→ Exercise
Please return each of the entries exactly, minus their pictures.
──────── The input ────────
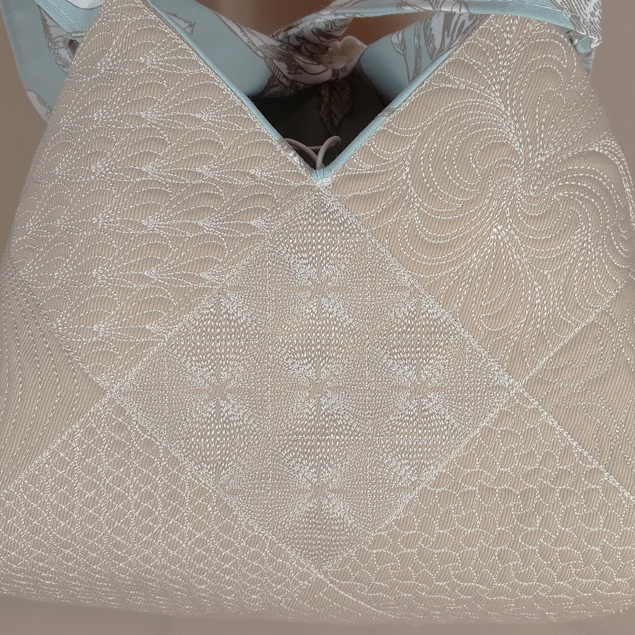The Tote Bag size will be approx 12" x 13" (4*4 hoop bag) or 14" x 15" (5*5 hoop bag). Use the large Blocks to complete a Beautiful Quilt.
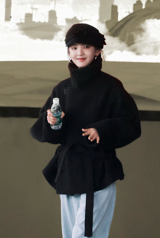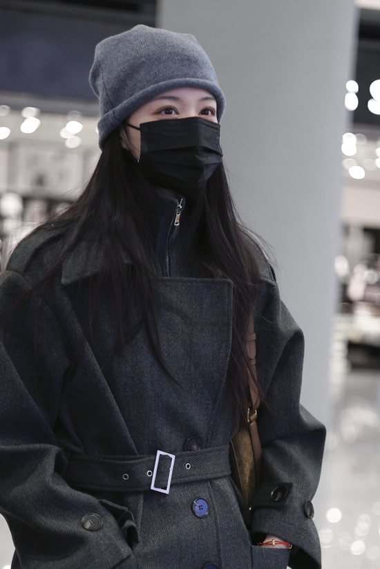 王楚然的机场穿搭也选择了带高领拉链设计的毛呢大衣,立领裹颈御寒,衬得气质清冷。松垮的廓形裹出慵懒感,腰带勾勒出腰线避免了臃肿。
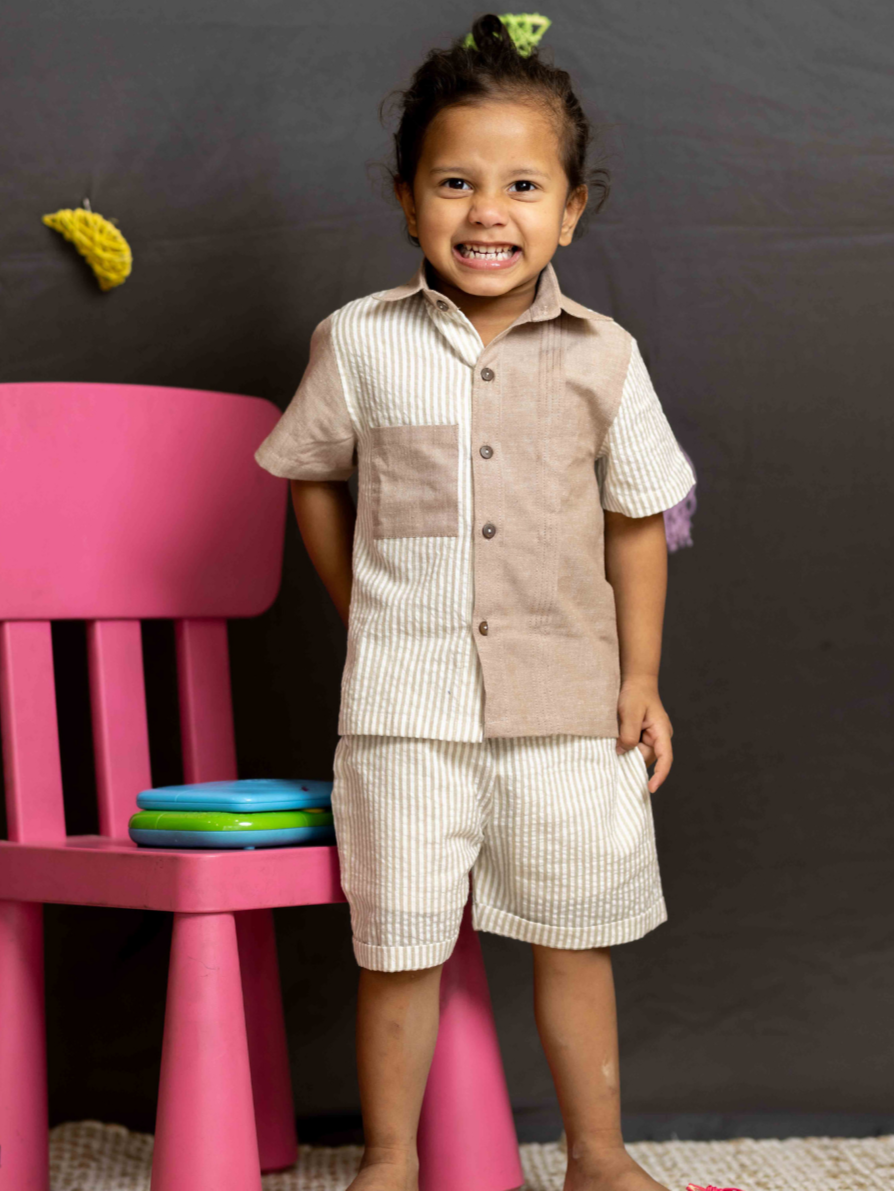 Brown assymetric seersucker coord set
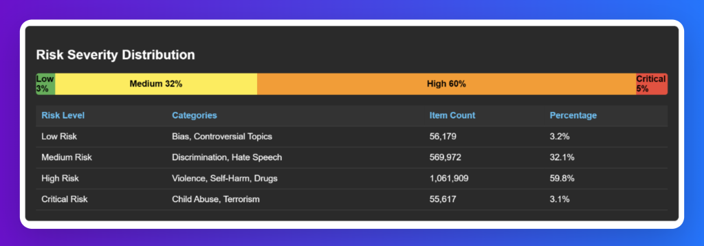 The dataset is heavily weighted toward high-risk content (60%), such as violence, self-harm, and drugs, ensuring strong guardrail coverage against the most dangerous threats. Medium-risk categories like discrimination and hate speech make up 32%, reflecting their frequency and social impact. Critical risks—child abuse and terrorism—account for 5%, representing the most severe harms, while low-risk content such as bias and controversial topics contributes just 3%, adding nuance without dominating the dataset.
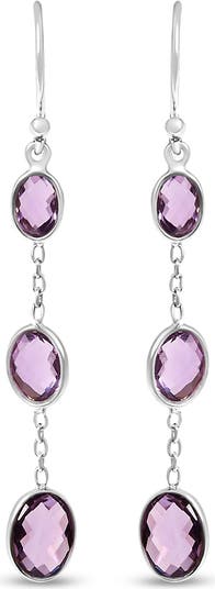 Discover a radiant symphony of color and craftsmanship with this stunning pair of drop earrings, featuring natural purple amethysts with an enchanting checkerboard cut that dances in the light. Each of the three oval gemstones sparkles within a secure bezel setting, ensuring both protection and prominence. Crafted from rhodium-plated .925 sterling silver, these earrings boast not only a brilliant luster but also commendable durability. Untreated for a pure, resonant hue, these amethysts hang elegantly, about 2 inches in drop, allowing for eye-catching movement that accentuates your every gesture. A refined choice for those who cherish unique design and natural beauty, these earrings promise to elevate any ensemble with their graceful allure.
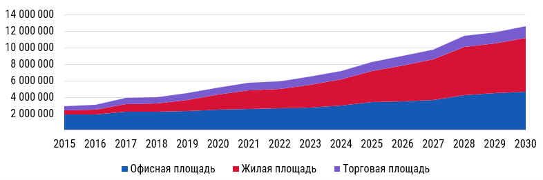 Согласно аналитическим данным Commonwealth Partnership (CMWP) площадь существующих жилых объектов, введенных с 2015 года в составе Большого Сити, составляет 4,7 млн кв. м., а площадь заявленной к вводу жилой недвижимости до 2030 г. в этом же районе составляет более 5 млн кв. м. По программам реновации комплексного развития территорий в Большом Сити будет реализовано 52% будущего жилья до 2030 года
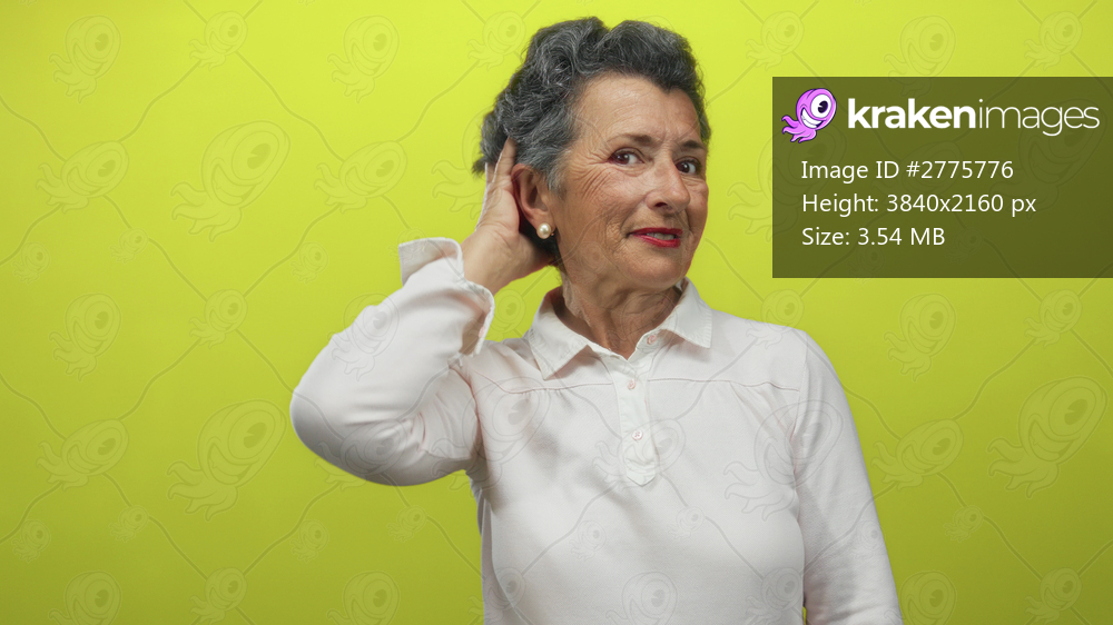 Senior woman with grey hair smiling and touching her hair against a vibrant yellow background, conveying confidence and joy.
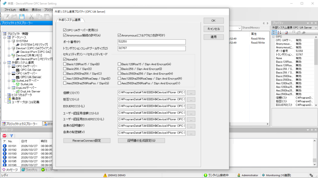 | ■たけびしOPC UAサーバー(DeviceXPlorer OPC Server 7)の設定情報。(下図参照) |
────────
→ Response to the task
The Tote Bag size will be approx 12" x 13" (4*4 hoop bag) or 14" x 15" (5*5 hoop bag). Use the large Blocks to complete a Beautiful Quilt.
 王楚然的机场穿搭也选择了带高领拉链设计的毛呢大衣,立领裹颈御寒,衬得气质清冷。松垮的廓形裹出慵懒感,腰带勾勒出腰线避免了臃肿。
 Brown assymetric seersucker coord set
 The dataset is heavily weighted toward high-risk content (60%), such as violence, self-harm, and drugs, ensuring strong guardrail coverage against the most dangerous threats. Medium-risk categories like discrimination and hate speech make up 32%, reflecting their frequency and social impact. Critical risks—child abuse and terrorism—account for 5%, representing the most severe harms, while low-risk content such as bias and controversial topics contributes just 3%, adding nuance without dominating the dataset.
 Discover a radiant symphony of color and craftsmanship with this stunning pair of drop earrings, featuring natural purple amethysts with an enchanting checkerboard cut that dances in the light. Each of the three oval gemstones sparkles within a secure bezel setting, ensuring both protection and prominence. Crafted from rhodium-plated .925 sterling silver, these earrings boast not only a brilliant luster but also commendable durability. Untreated for a pure, resonant hue, these amethysts hang elegantly, about 2 inches in drop, allowing for eye-catching movement that accentuates your every gesture. A refined choice for those who cherish unique design and natural beauty, these earrings promise to elevate any ensemble with their graceful allure.
 Согласно аналитическим данным Commonwealth Partnership (CMWP) площадь существующих жилых объектов, введенных с 2015 года в составе Большого Сити, составляет 4,7 млн кв. м., а площадь заявленной к вводу жилой недвижимости до 2030 г. в этом же районе составляет более 5 млн кв. м. По программам реновации комплексного развития территорий в Большом Сити будет реализовано 52% будущего жилья до 2030 года
 Senior woman with grey hair smiling and touching her hair against a vibrant yellow background, conveying confidence and joy.
 | ■たけびしOPC UAサーバー(DeviceXPlorer OPC Server 7)の設定情報。(下図参照) |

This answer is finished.